Calif Med. 1966 Jul;105(1):1-7.

Abstract

Phenylketonuria can now be detected during the first few days of life by two reliable mass screening techniques; and its major consequence, severe mental retardation, can be prevented by the early institution of a low phenylalanine diet. Case finding, based on determination of phenylalanine serum levels in newborns before discharge from the hospital, appears to yield an acceptable number of new cases without excessive numbers of false positive or false negative tests at the 4 mg per 100 ml reporting level.

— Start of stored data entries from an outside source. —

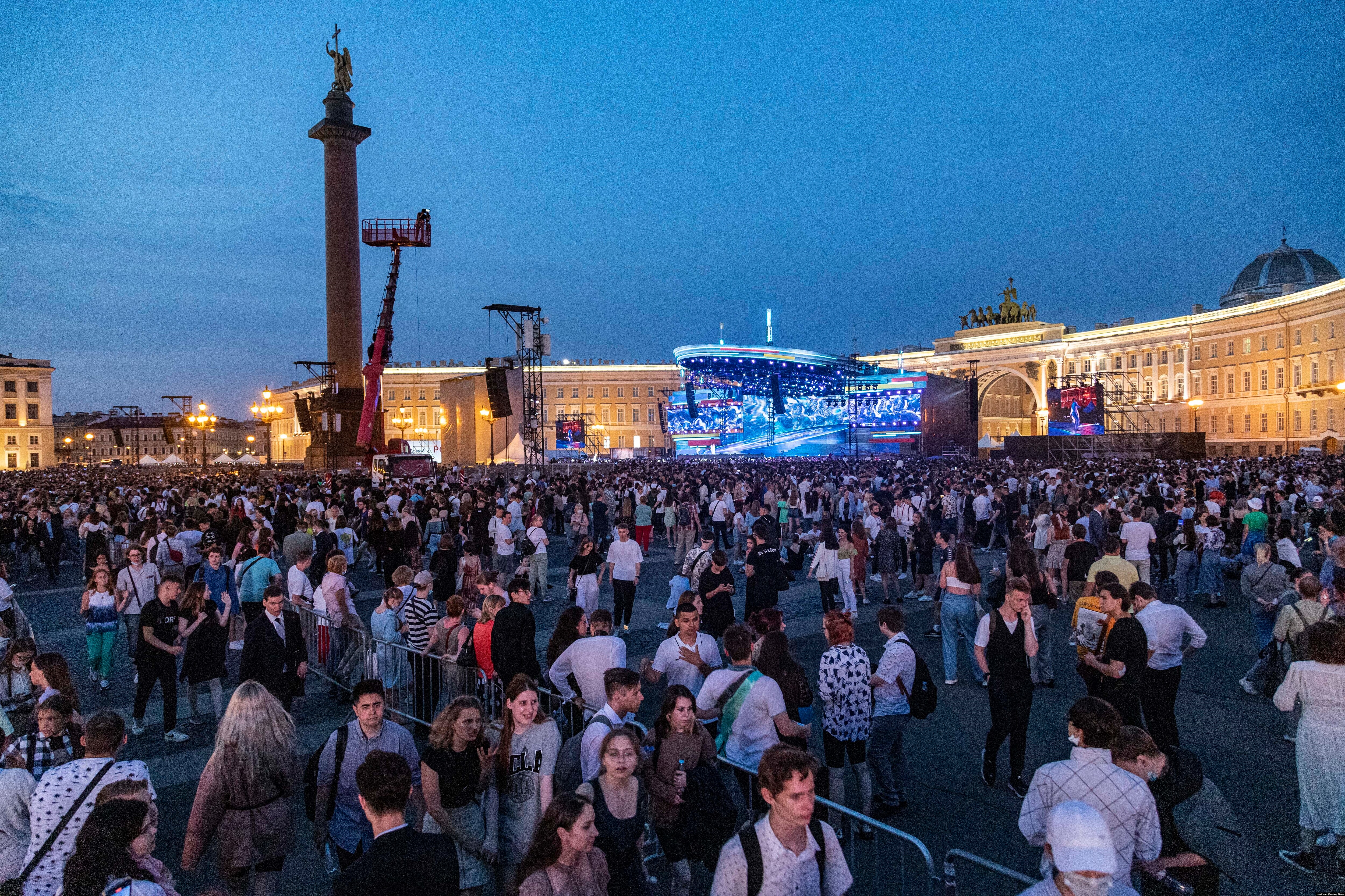 Попасть на праздник на Дворцовую площадь могли только 40 тысяч выпускников вместе с сопровождающими учителями. Концертную площадку оградили металлическими ограждениями, которые полиция использовала зимой и весной во время протестных митингов в поддержку Навального. В этом году из-за коронавируса огорожена была территория значительно больше Дворцовой площади: часть Сенатской площади и Александровского сада, дороги вдоль набережных реки Невы. Около ограждений за несколько часов до начала последнего звонка образовались очереди из выпускников, которые хотели попасть на площадь.
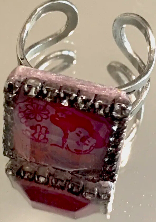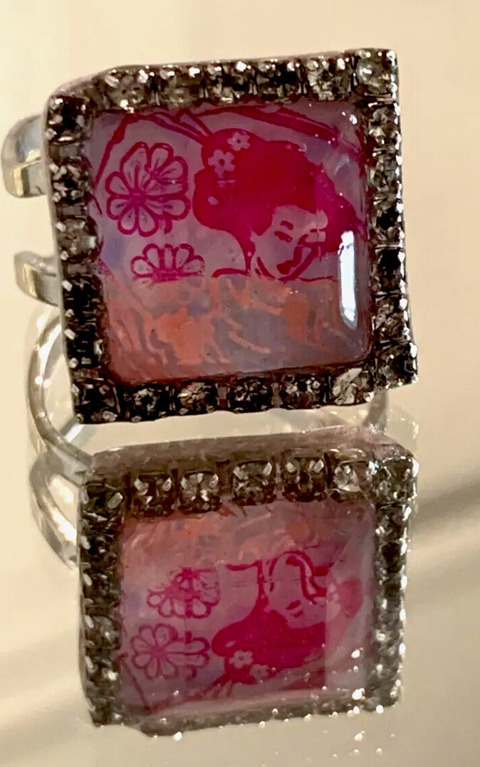 Handcrafted Art Resin Adjustable Stainless Steel Open Ring, Geisha, Rhinestones
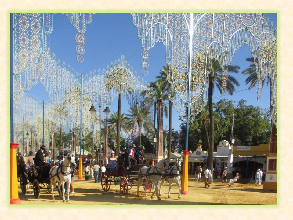 Pues eso hice.  Le conté la tradición de la Feria, las costumbres, que eran las sevillanas, le enseñé a bailarlas en 5 minutos, brindamos, bebimos fino, le hablé de la varierad tan grande de los vinos de Jerez y dijo que quería probarlos todos.  En fin solo tuvimos que repetir un par de cosas por la música demasiado alta de alguna caseta y parece que todo salió bien.
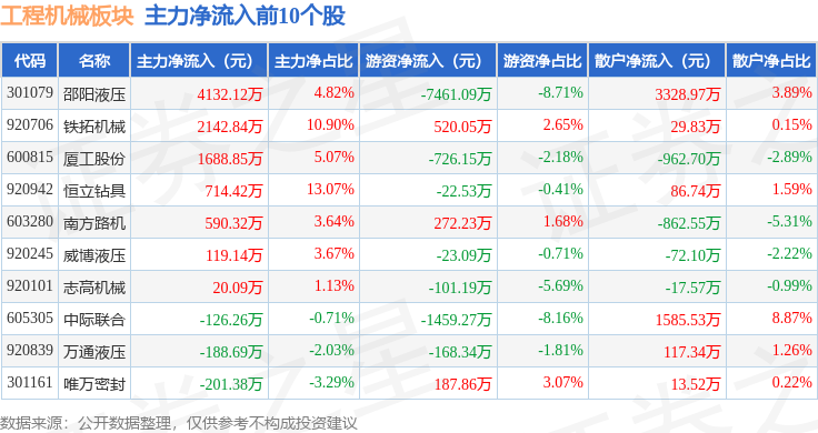 从资金流向上来看,当日工程机械板块主力资金净流出4.63亿元,游资资金净流入8453.94万元,散户资金净流入3.79亿元。工程机械板块个股资金流向见下表:
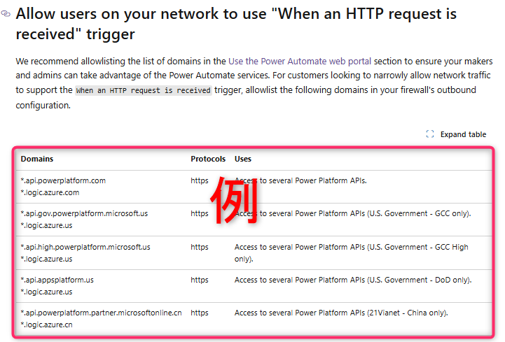Power Automate の IP アドレスの構成 の ネットワーク上のユーザーが “HTTP 要求が受け取った時” トリガーを使用するのを許可する セクションに記載されているドメインを許可してください。
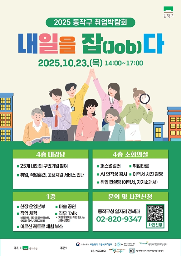[아이뉴스24 홍성효 기자] 동작구가 오는 23일 오후 2시 구청 신청사에서 2025 취업박람회 ‘내일을 잡(Job)다’를 개최한다고 17일 밝혔다.
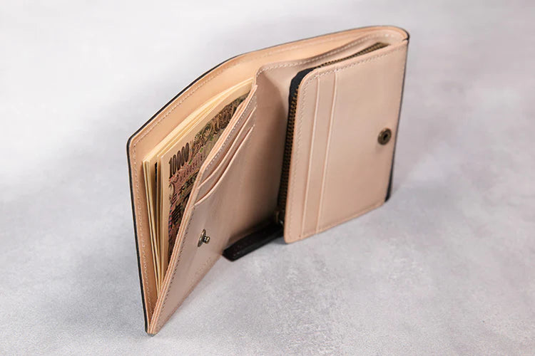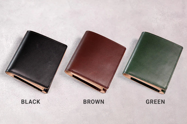 財布の定番、二つ折り財布。使いやすさ+デザイン性、そして、エイジングを楽しめる革を選定し、こだわりを凝縮し提供します。 お客様のビジネス、生活に深みを。そして豊かになることを心より願っております。
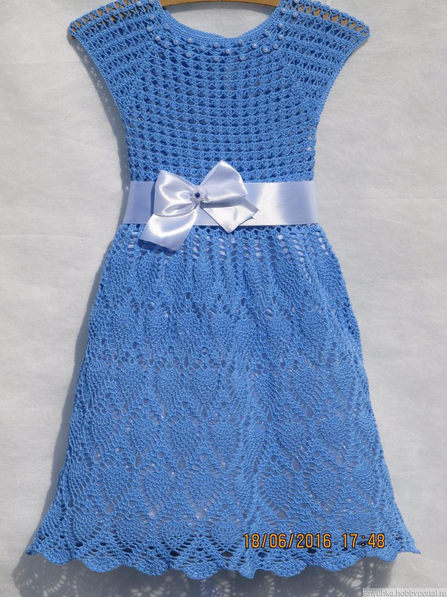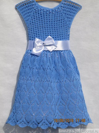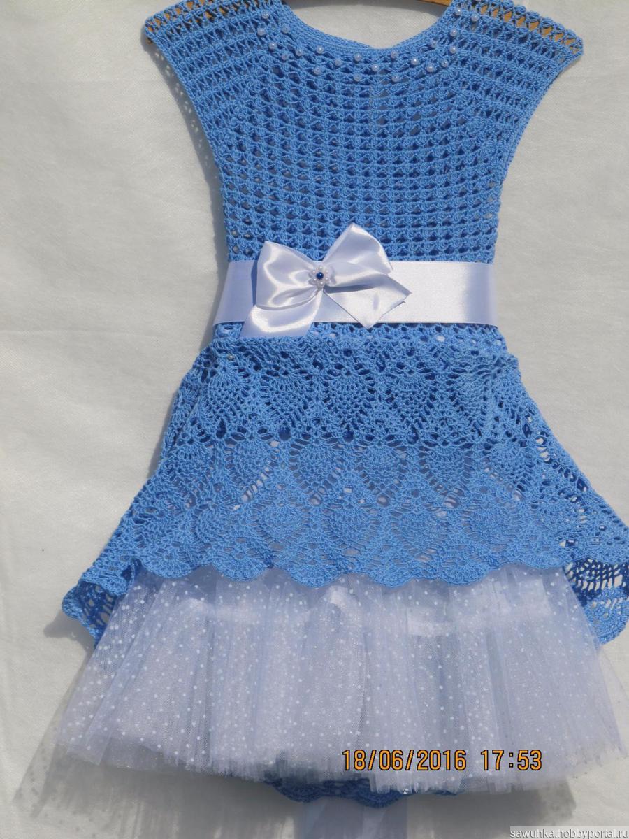 Платье крючком голубого цвета для торжества . Горловина украшена бусинами . Поясок из атласной ленты декорирован бантиком . Бантик отстегивается .Пышный подъюбник из мягкого фатина .
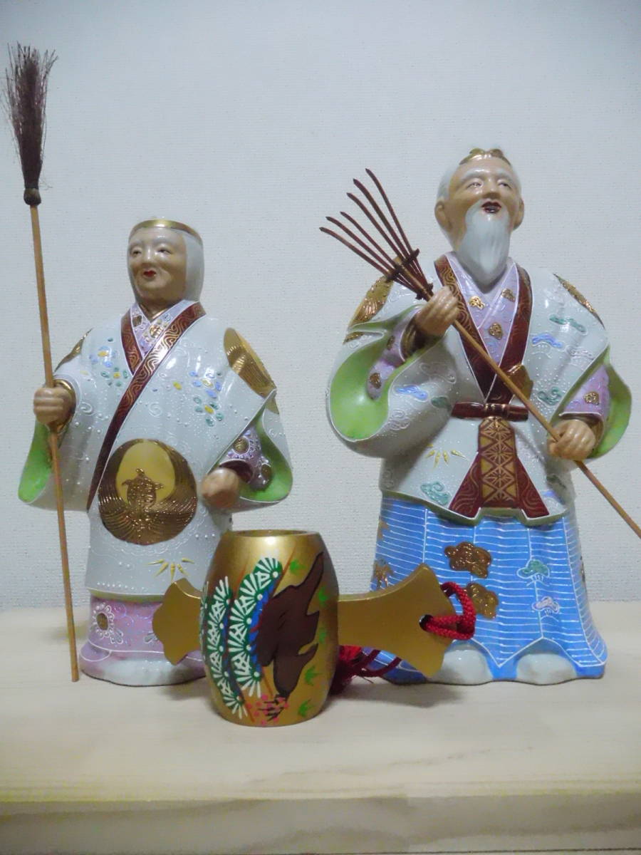 - Y27-147W 置物 高砂人形 打ち出の小槌(木製) 九谷 陶三 陶器 中古 高さ約32cm・28.2cm (T10-1)
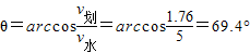(2)假设河水流速为5m/s,该同学已经比较疲劳,他最小的划行速度是1.76m/s才能使自己不掉到瀑布下面,这时小艇的划行方向与河岸所夹的锐角是69.4°.
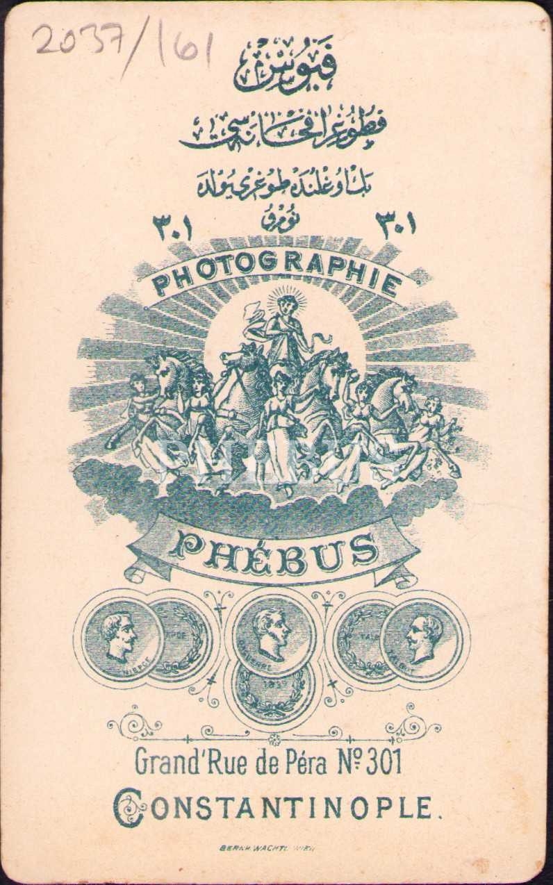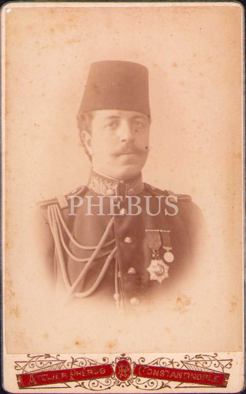 Osmanlı subayının kabin fotoğrafı, Phebus Fotoğrafhanesi-Constantinople, 7x11 cm
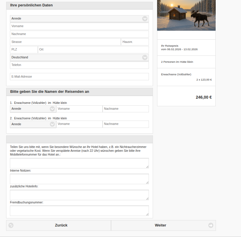 Im letzten Teil werden die Kontaktdaten der buchenden Person sowie die Reiseteilnehmer eingetragen. Ganz unten besteht noch die Möglichkeit Kundenwünsche, interne Notizen, zusätzliche Hotelinf & Fremdbuchungsnummer einzutragen. Das letzteren 3 Felder werden nur bei Buchungen direkt aus dem Travelseller angezeigt. Bucht ein Kunde über die Webseite, erscheint nur des Feld “Bemerkungen & Wünsche”.
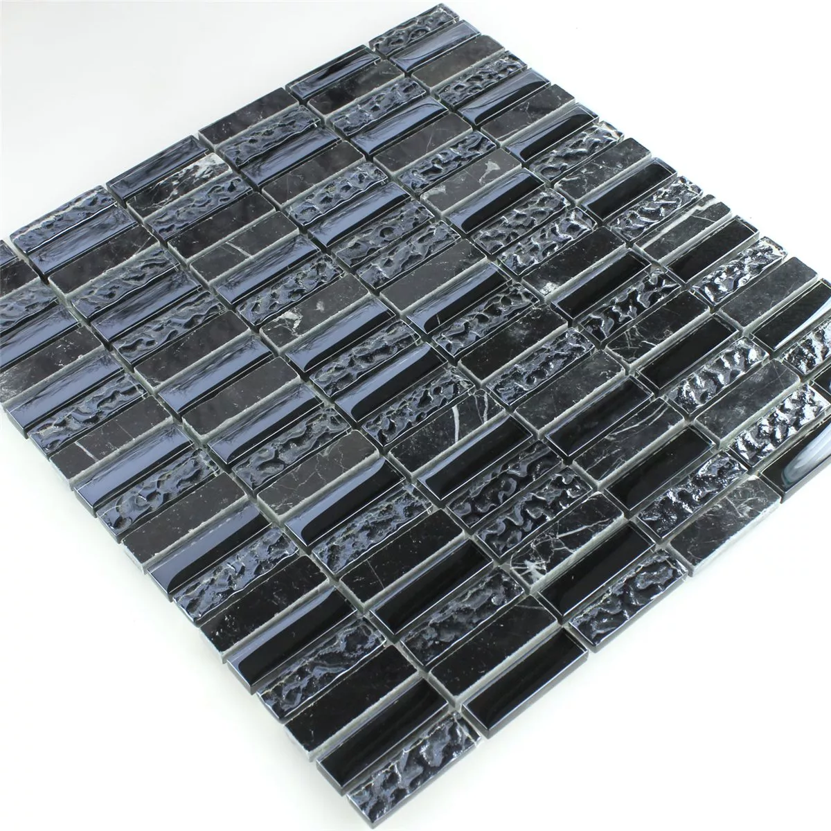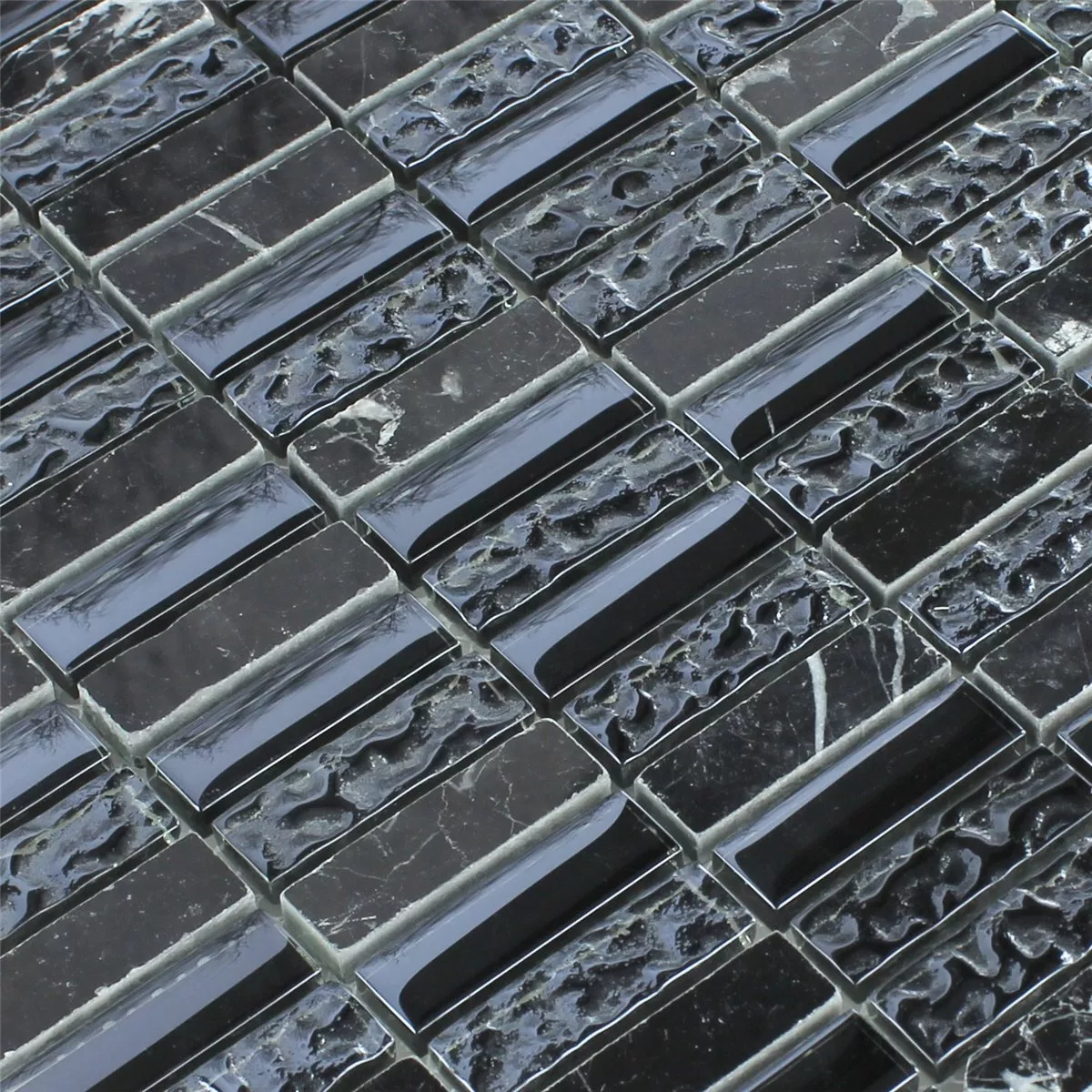 Mosaikfliesen Glas Marmor Naturstein Helsinki Schwarz Geriffelt Stäbchen
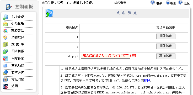 怎么添加二级域名? 如何将域名和虚拟主机绑定... 如何将我的文件上传到服务... 如何用asp的jmail发邮件?... ◆ftp上传时遇到 Socket ... 选择CN域名的七大理由 企业邮局使用指南(新手必... 遇到“服务器内部错误”/... 如何设置OUTLOOK来收发邮... 什么是域名解析? 如何将我申请的英文国际域... 出现“常见错误 不能打开... 如何修改ftp密码? 为什么不加www的域名不能... 关于IIS连接数的几种解释... google推广常见问题 域名注册常见问题解答 [原创]如何清除Sqlserver... 中文域名设置方法介绍 如果查看空间使用了多少?... 为什么我在我的电脑上不能... IP、DNS是什么? 域名知识库 如何用Foxmail来接收企业... 虚拟主机常见问题解答! 网易搜索引擎服务问答 CN域名服务凸现六大优势 什么是电子邮件地址? 主机租用服务需要注意哪些... 新浪搜索引擎服务简介 什么是百度竞价排名服务?... 什么是JSP? 百度竞价排名服务问答 如何远程修复损坏的mysql... 如何连接mysql数据库? 搜狐搜索引擎服务简介 为什么网站有时出现“Ser... 什么是PHP? 百度竞价排名服务的诞生!... 百度竞价排名服务有什么用... 新企业邮局常见问题 ChinaNet与Internet是什么... 如何更有效的过滤病毒/垃... 什么是CGI? 用主机域名浏览到的页面不... 为什么我测试速度时访问双... 什么是整机租用? 什么叫FSO? 如何将我司申请的虚拟主机... 用程序的方式实现url转发... 如何导入MSSQL备份数据? ... 如何管理MySQL数据库? 新的域名到期删除规则实施... 域名选取十技巧 我已经上传了文件可是为什... 中、高端服务器为什么要选... 企业如何选择主机托管服务... 什么叫FSO? 站点占用服务器资源过多的... 名词解释: 域名解析 A记录...本周文章排行
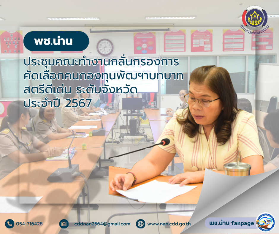 ว่าที่ร้อยตรีไพฑูรย์ ศรีราจันทร์ พัฒนาการจังหวัดน่าน มอบหมายให้นางณัฐนรี ศรีชัยยะ ผู้อำนวยการกลุ่มงานส่งเสริมการพัฒนาชุมชน เป็นประธานประชุมคณะทำงานกลั่นกรองการคัดเลือกคนกองทุนพัฒนาบทบาทสตรีดีเด่น ระดับจังหวัด ประจำปี 2567 เพื่อชี้แจงสร้างความรู้ความเข้าใจ และเตรียมความพร้อมดำเนินการคัดเลือกคนกองทุนพัฒนาบทบาทสตรีดีเด่นระดับจังหวัด ตามโครงการเชิดชูเกียรติคนกองทุนพัฒนาบทบาทสตรี ประจำปี 2567 กิจกรรมที่ 1 การคัดเลือกคนกองทุนพัฒนาบทบาทสตรีดีเด่น ระดับจังหวัด โดยจังหวัดน่านกำหนดดำเนินการคัดเลือก และนำเสนอผลการดำเนินงานผ่านระบบการประชุมออนไลน์ Wexeb Meeting ของกรมการพัฒนาชุมชน ในวันที่ 7 พฤษภาคม 2567
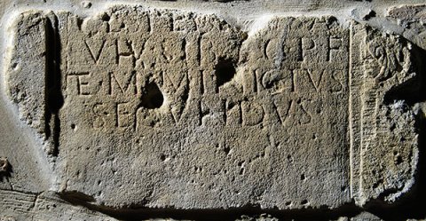 - ---] / CL(?)STER[---]SA / viv(us) sib(i) ac(?) P(ubli?) f(ilio?) / et M(arcus) Minicius / Secundus
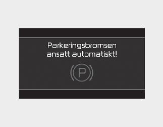 Om du försöker att trycka ner gaspedalen och köra iväg med EPB aktiverad, utan att den lossas automatiskt, hörs en varningssignal (en gång) och ett meddelande visas.
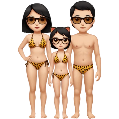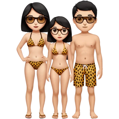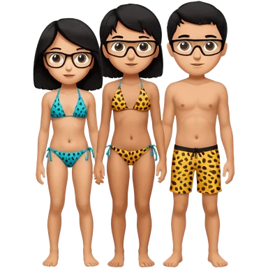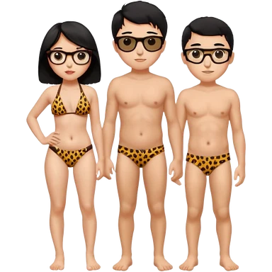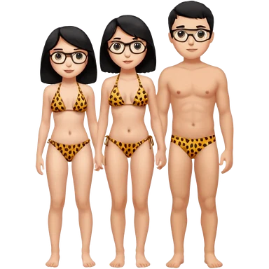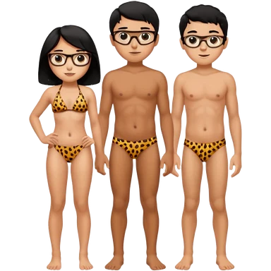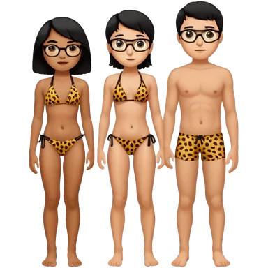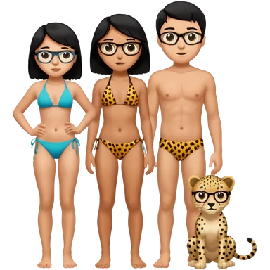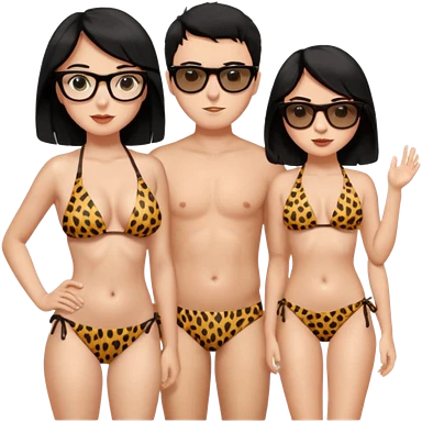 black haired girl with big boobs wearing a cheetah print bikini standing with a boy with black hair wearing glasses and shirt less girl with no glasses emoji

Feeding history does not appear to be a major factor in influencing test results. In addition to finding cases of phenylketonuria, newborn blood screening has called attention to another group of infants with hyperphenylalaninemia of other causes. The differential diagnosis in such cases is important because the restrictive diet necessary for patients with phenylketonuria might be harmful to others. Such factors as enzymatic immaturity, heterozygote carriers, maternal enzymatic capacities and other amino-acidemic states must be ruled out by thorough examination. Careful observation, investigation and reporting of experience with these patients will help to eliminate some of the present deficiencies in the knowledge of normal and abnormal amino acid metabolism.

摘要

苯丙酮尿症现在可以在出生后的头几天通过两种可靠的群体筛查技术检测出来;其主要后果,即严重智力迟钝,可以通过早期采用低苯丙氨酸饮食来预防。基于测定新生儿出院前血清苯丙氨酸水平的病例发现,在每100毫升4毫克的报告水平上,似乎能发现可接受数量的新病例,而不会出现过多的假阳性或假阴性检测结果。喂养史似乎不是影响检测结果的主要因素。除了发现苯丙酮尿症病例外,新生儿血液筛查还使人们关注到另一组由其他原因导致高苯丙氨酸血症的婴儿。此类病例的鉴别诊断很重要,因为苯丙酮尿症患者所需的限制性饮食可能对其他人有害。必须通过全面检查排除诸如酶不成熟、杂合子携带者、母体酶能力和其他氨基酸血症状态等因素。对这些患者进行仔细观察、调查并报告经验,将有助于消除目前在正常和异常氨基酸代谢知识方面的一些不足。